The “Loop iteration commander” is a free-standing component not attached to the workflow so it can be re-configured and re-executed without resetting the loop. But it writes instructions into a file on the file system. This file is picked up and acted on by the Loop iteration controller, each time it is re-executed following a break. So you could have it initially configured to perform 100 executions, but then on breaking, could be “reconfigured” via the “Commander” to break on every iteration (step loop), or “allow another 500 iterations” or “run to end”, etc

iCFO · October 30, 2023, 9:24am

A free standing controller for a loop breakpoint… You sly Fox!

I use component log files like this regularly to manage settings and sync components. Never dawned on me that they might allow step loop adjustments without triggering a full re-run.

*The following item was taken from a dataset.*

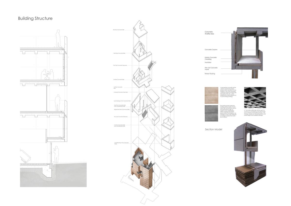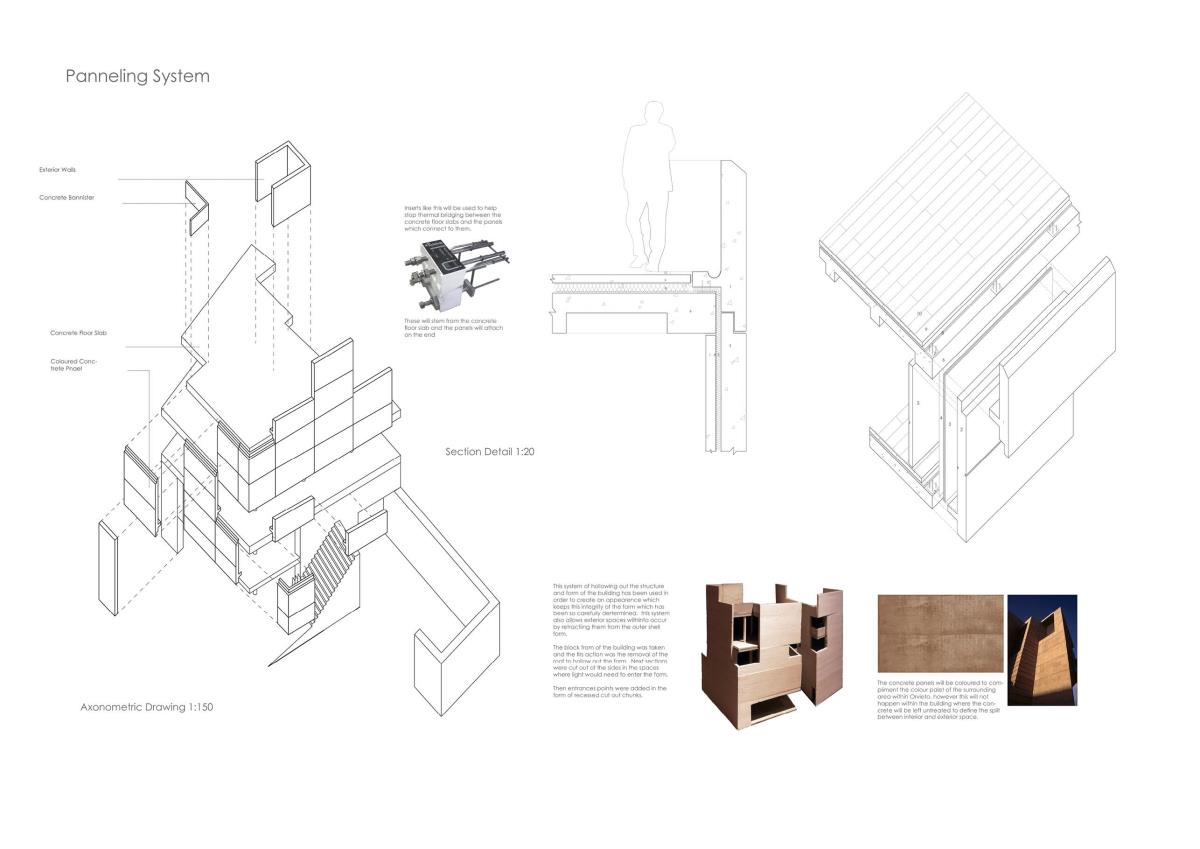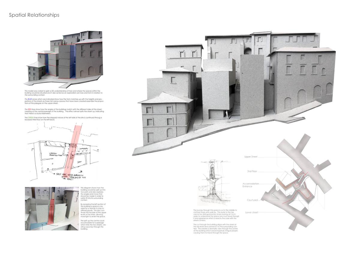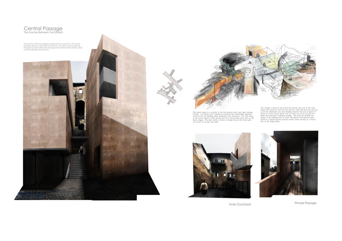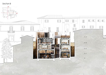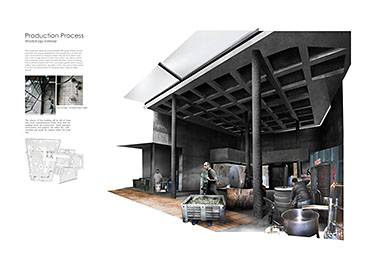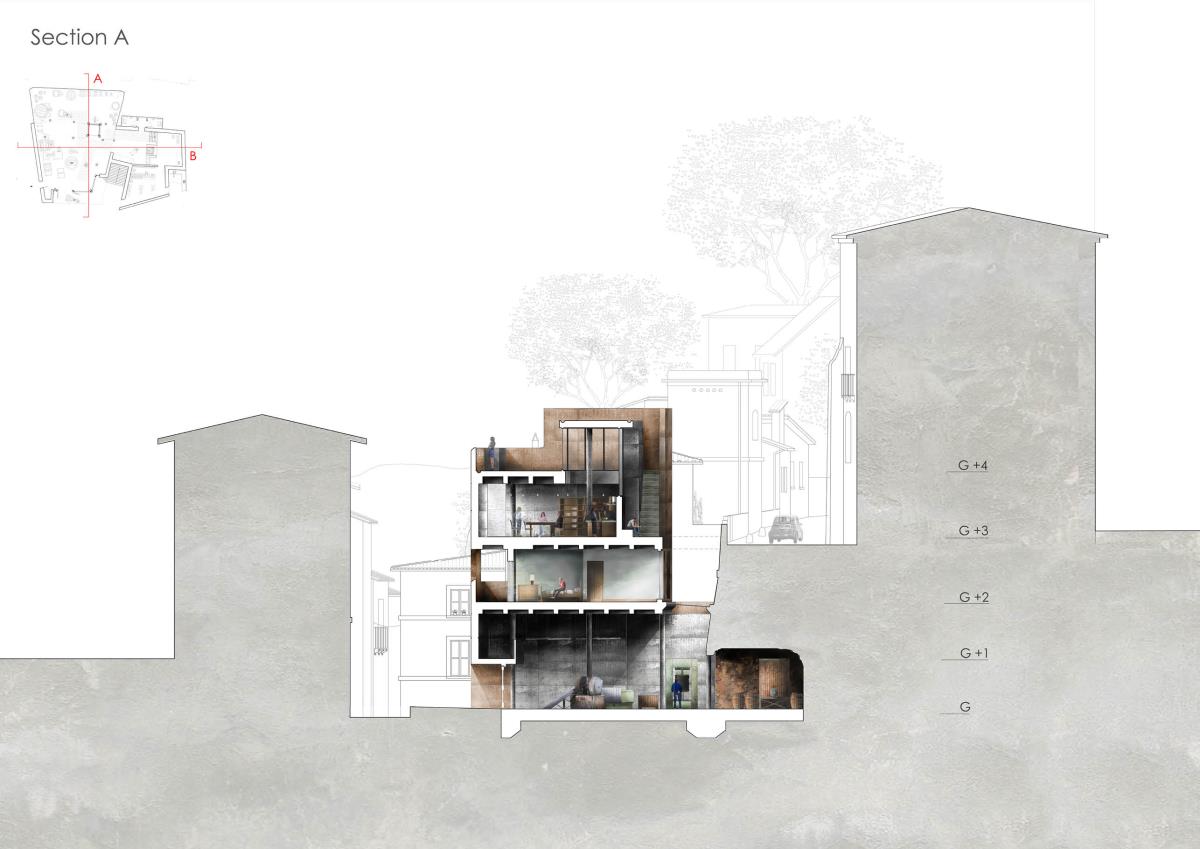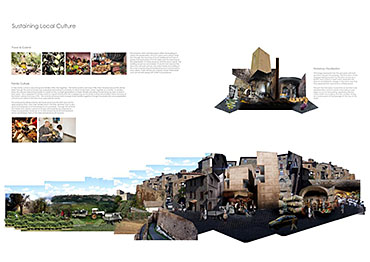 La Pietra (The Stone) Part 1 Project 2013 Thomas Saunders De Montfort University | UK Orvieto hosts a rich variety of local culinary delicacies and food products which can be seen in the shops and restaurants throughout the area, acting as one of the defining features, reflecting the role of food in the culture of its people. It is important that the processes and techniques involved in the creation of these products and dishes are preserved, as Orvieto is a city frozen in time. ‘La Pietra’ would stand in Orvieto as a symbol of defence against cultural change. This also suggests that the building itself is not restricted to one sole use as times change and it may be seen fit for a different purpose in the future. However the name and what it symbolises would live on. The building proposal addresses the link between the two streets which it is connected to, through a public path which one would take to access the different areas of the building. This central passage reflects the nature and journeys experienced throughout daily life in Orvieto, making reference to the random street patterns and the ‘hidden’ spaces created by them. The aim of the proposal is to respect the harmony of the patterns and nature of the surrounding streets and buildings, to act as a transitional point in which the business of the city and the tranquillity of the countryside can be married.The building will house a scheme which will aim to preserve and sustain local culinary tradition and culture through the teaching and preparation of local food products. This will involve the younger generations of Orvieto who are currently struggling to find work within the area, being forced out and away from their families. This scheme will keep these young people in work around the area so that they can remain close to their families keeping the deep rooted family culture of Italy and Umbria alive. Tutor(s) Sam Causer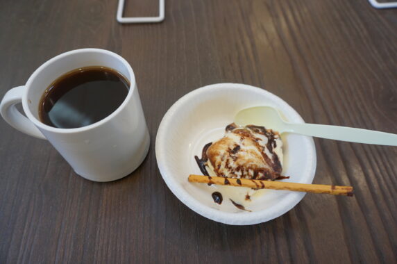 アイスクリーにチョコを掛け、選択したドリンクをつけての提供しました。

takbb · October 31, 2023, 10:38am

@iCFO , sly here

I know how you enjoy components!

It slows the loop down a bit of course, but this is to be expected when debugging, and the impact is obviously less significant overall if each iteration of the loop is already quite processing-intensive.

Probably the biggest impact on performance is the functionality it contains for configuration (such as choosing the iteration flow variable). Unfortunately the config stuff all gets executed with every iteration, but I don’t see a way around that. It’s a pity there isn’t some way of turning off config-only processing during execution.

I’ll continue to try to think of ways to improve it performance-wise, but as it stands I think it will certainly aid me as a debugging tool in future.

system · January 29, 2024, 10:39am

This topic was automatically closed 90 days after the last reply. New replies are no longer allowed.